RECORDED DATA:
═══

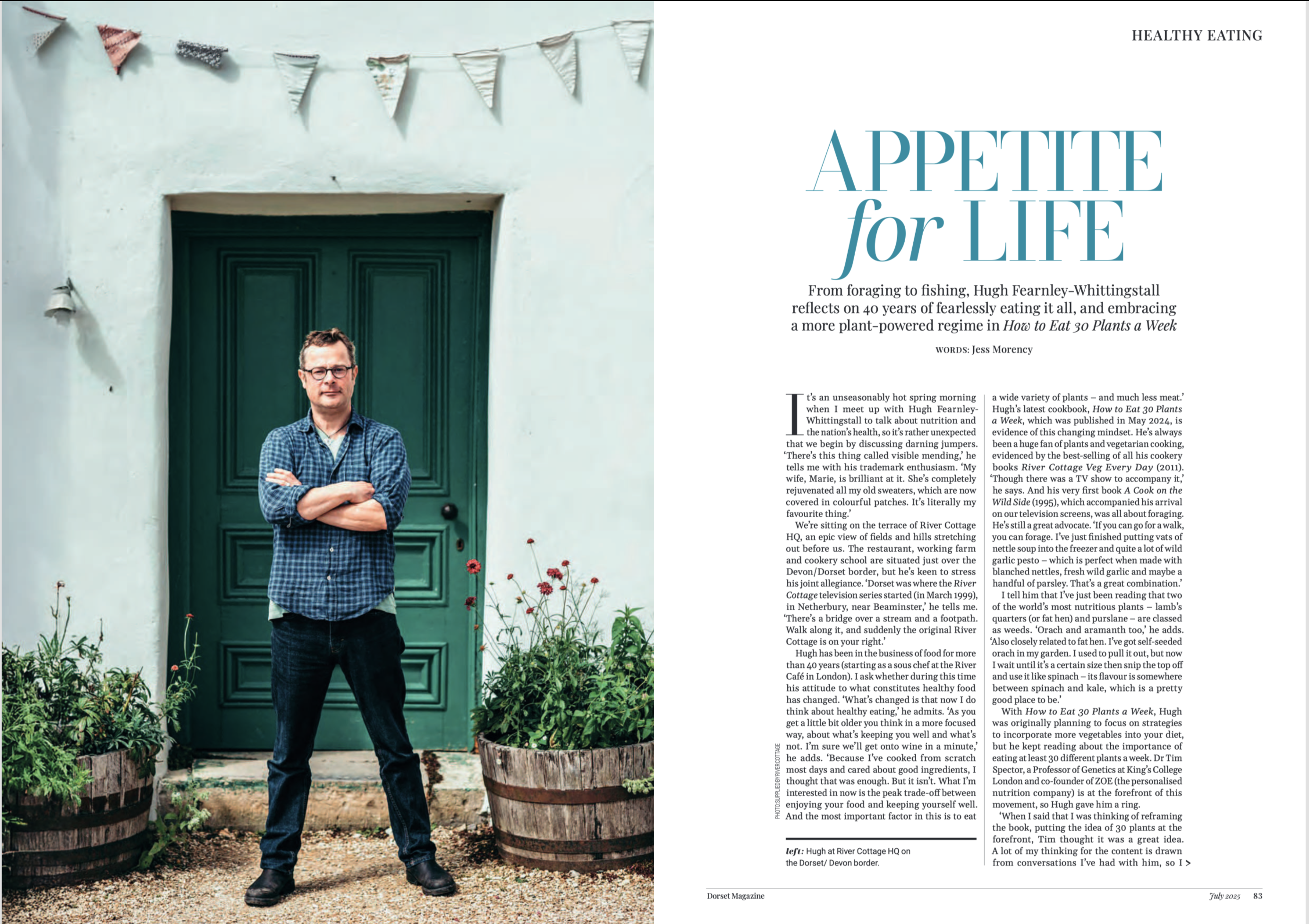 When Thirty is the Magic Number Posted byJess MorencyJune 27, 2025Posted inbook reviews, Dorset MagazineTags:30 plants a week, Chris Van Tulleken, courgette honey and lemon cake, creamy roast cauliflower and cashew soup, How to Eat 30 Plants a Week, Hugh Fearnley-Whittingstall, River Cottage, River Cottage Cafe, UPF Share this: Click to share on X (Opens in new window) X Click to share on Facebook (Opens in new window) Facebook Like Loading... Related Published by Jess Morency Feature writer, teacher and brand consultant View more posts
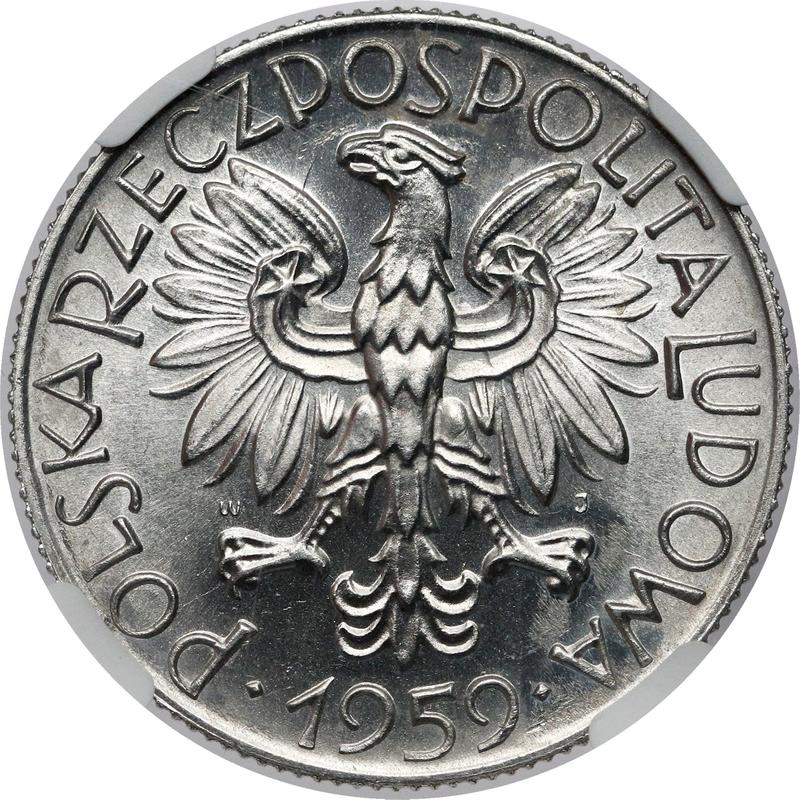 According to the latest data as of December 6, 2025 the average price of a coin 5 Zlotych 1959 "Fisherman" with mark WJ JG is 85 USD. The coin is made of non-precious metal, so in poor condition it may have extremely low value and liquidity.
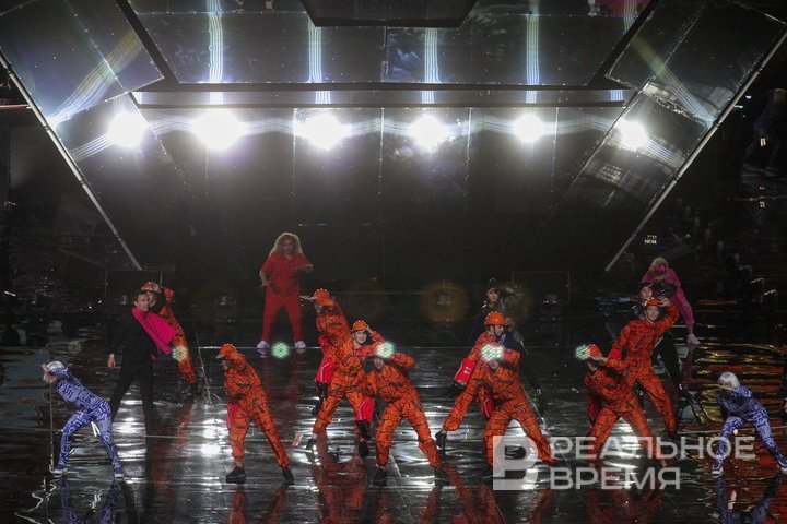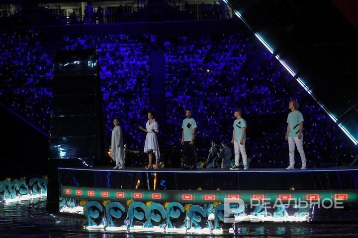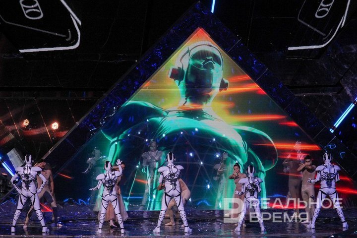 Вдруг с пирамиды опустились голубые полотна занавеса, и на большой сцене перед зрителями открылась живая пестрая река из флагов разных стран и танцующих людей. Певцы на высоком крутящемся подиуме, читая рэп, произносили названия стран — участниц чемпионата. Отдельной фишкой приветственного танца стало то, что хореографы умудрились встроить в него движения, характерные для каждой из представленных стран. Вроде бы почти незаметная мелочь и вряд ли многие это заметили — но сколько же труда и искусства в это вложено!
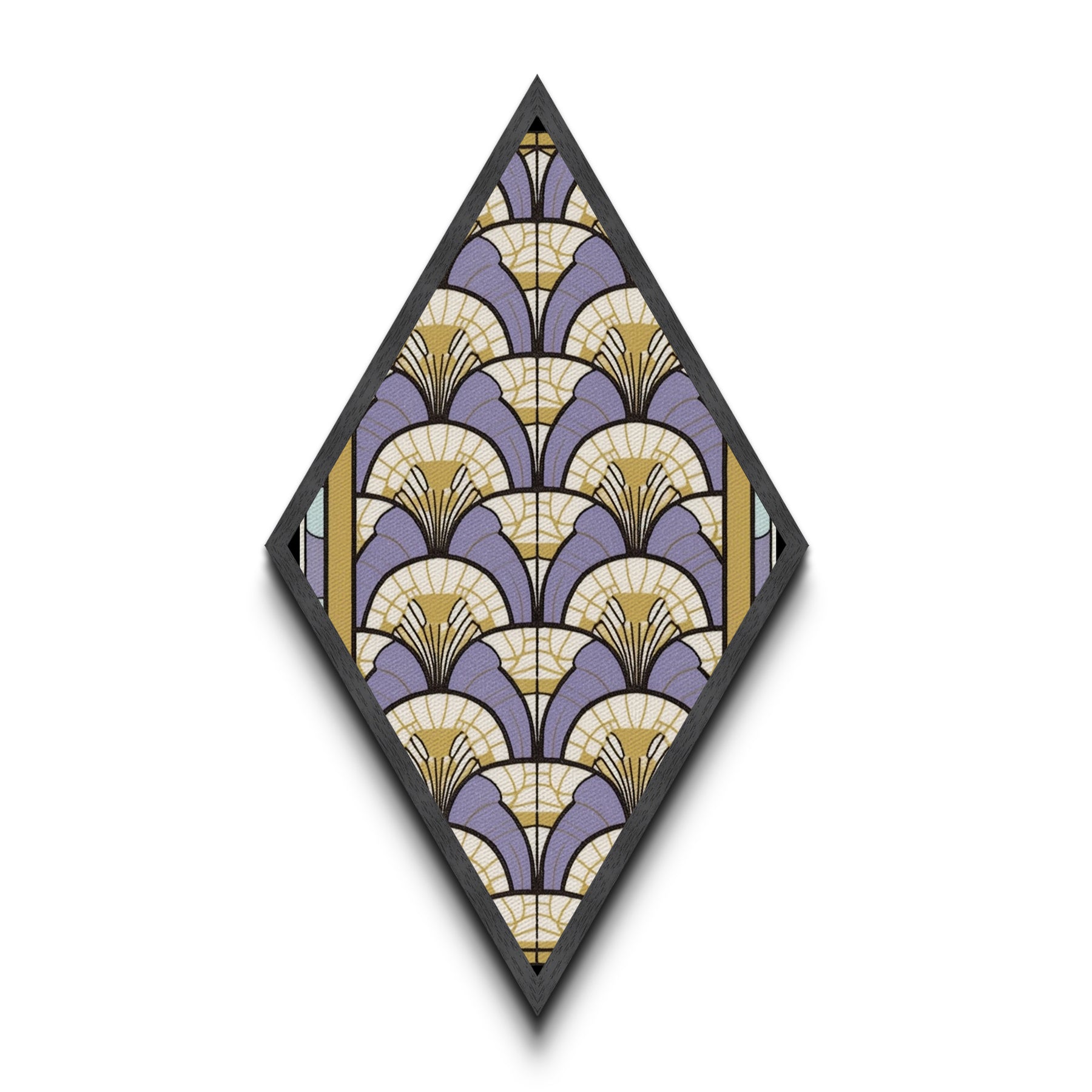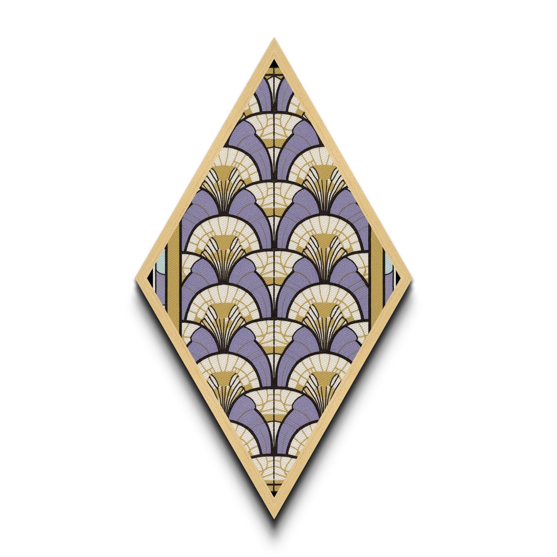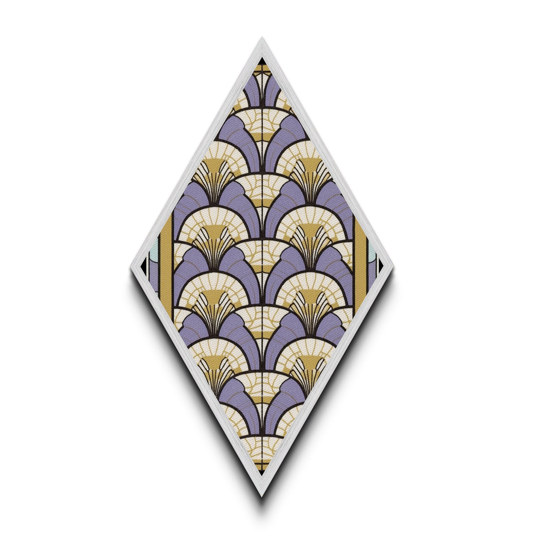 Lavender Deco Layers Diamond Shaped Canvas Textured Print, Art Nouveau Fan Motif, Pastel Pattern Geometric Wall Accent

═══

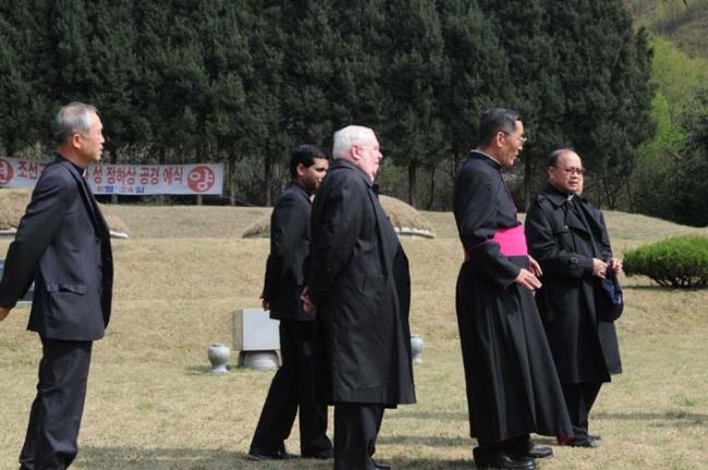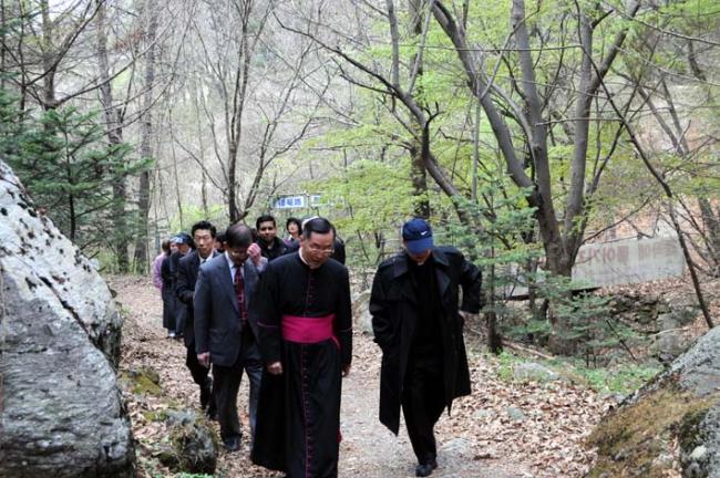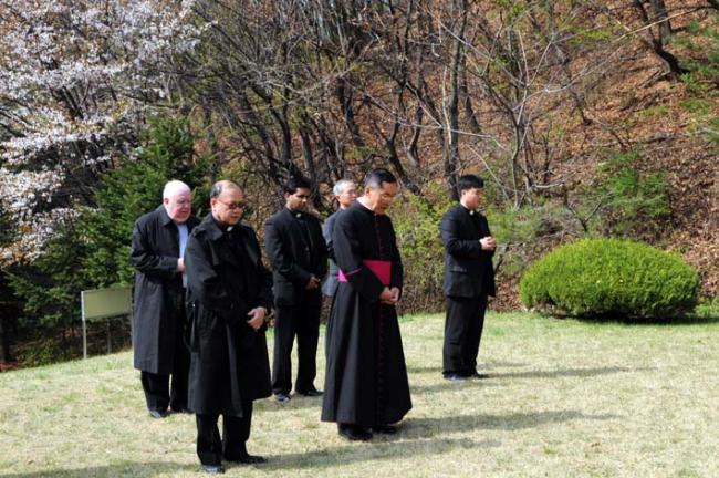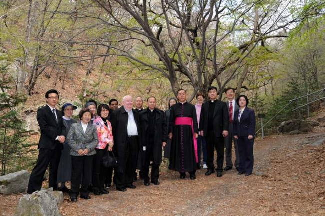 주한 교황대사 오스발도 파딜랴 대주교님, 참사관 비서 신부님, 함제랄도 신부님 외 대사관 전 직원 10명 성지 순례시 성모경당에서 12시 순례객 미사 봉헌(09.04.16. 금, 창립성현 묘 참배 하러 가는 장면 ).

═══

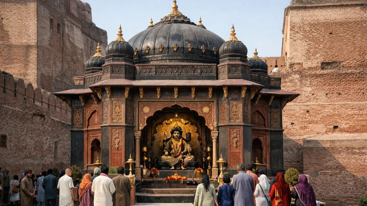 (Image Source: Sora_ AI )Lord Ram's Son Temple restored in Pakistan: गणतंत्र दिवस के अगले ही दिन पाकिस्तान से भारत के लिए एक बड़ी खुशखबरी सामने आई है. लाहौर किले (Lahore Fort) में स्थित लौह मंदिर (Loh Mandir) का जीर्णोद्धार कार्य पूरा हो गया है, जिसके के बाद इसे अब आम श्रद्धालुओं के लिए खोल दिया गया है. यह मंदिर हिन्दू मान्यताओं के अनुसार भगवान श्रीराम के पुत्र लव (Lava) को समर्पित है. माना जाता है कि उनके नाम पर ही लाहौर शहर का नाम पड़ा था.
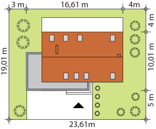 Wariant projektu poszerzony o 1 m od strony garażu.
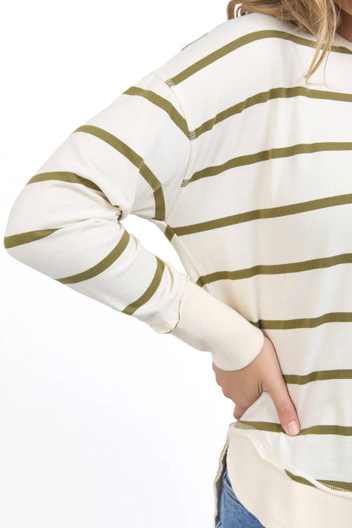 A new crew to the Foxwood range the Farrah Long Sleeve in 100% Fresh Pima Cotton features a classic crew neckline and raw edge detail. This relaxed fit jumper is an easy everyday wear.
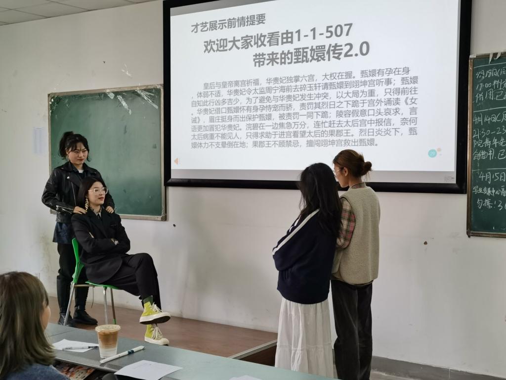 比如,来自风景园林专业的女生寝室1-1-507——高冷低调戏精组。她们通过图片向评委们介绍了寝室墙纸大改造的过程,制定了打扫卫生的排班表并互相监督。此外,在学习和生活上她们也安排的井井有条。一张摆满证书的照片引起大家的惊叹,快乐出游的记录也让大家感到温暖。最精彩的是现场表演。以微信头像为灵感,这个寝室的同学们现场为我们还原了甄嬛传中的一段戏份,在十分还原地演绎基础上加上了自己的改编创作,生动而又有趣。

═══

Transcribe the listing above exactly, but only from the line with "When Thirty is" through the line with "According to the". Include both of those lines and omit the pictures.

COMPLETED EXERCISE:
 When Thirty is the Magic Number Posted byJess MorencyJune 27, 2025Posted inbook reviews, Dorset MagazineTags:30 plants a week, Chris Van Tulleken, courgette honey and lemon cake, creamy roast cauliflower and cashew soup, How to Eat 30 Plants a Week, Hugh Fearnley-Whittingstall, River Cottage, River Cottage Cafe, UPF Share this: Click to share on X (Opens in new window) X Click to share on Facebook (Opens in new window) Facebook Like Loading... Related Published by Jess Morency Feature writer, teacher and brand consultant View more posts
 According to the latest data as of December 6, 2025 the average price of a coin 5 Zlotych 1959 "Fisherman" with mark WJ JG is 85 USD. The coin is made of non-precious metal, so in poor condition it may have extremely low value and liquidity.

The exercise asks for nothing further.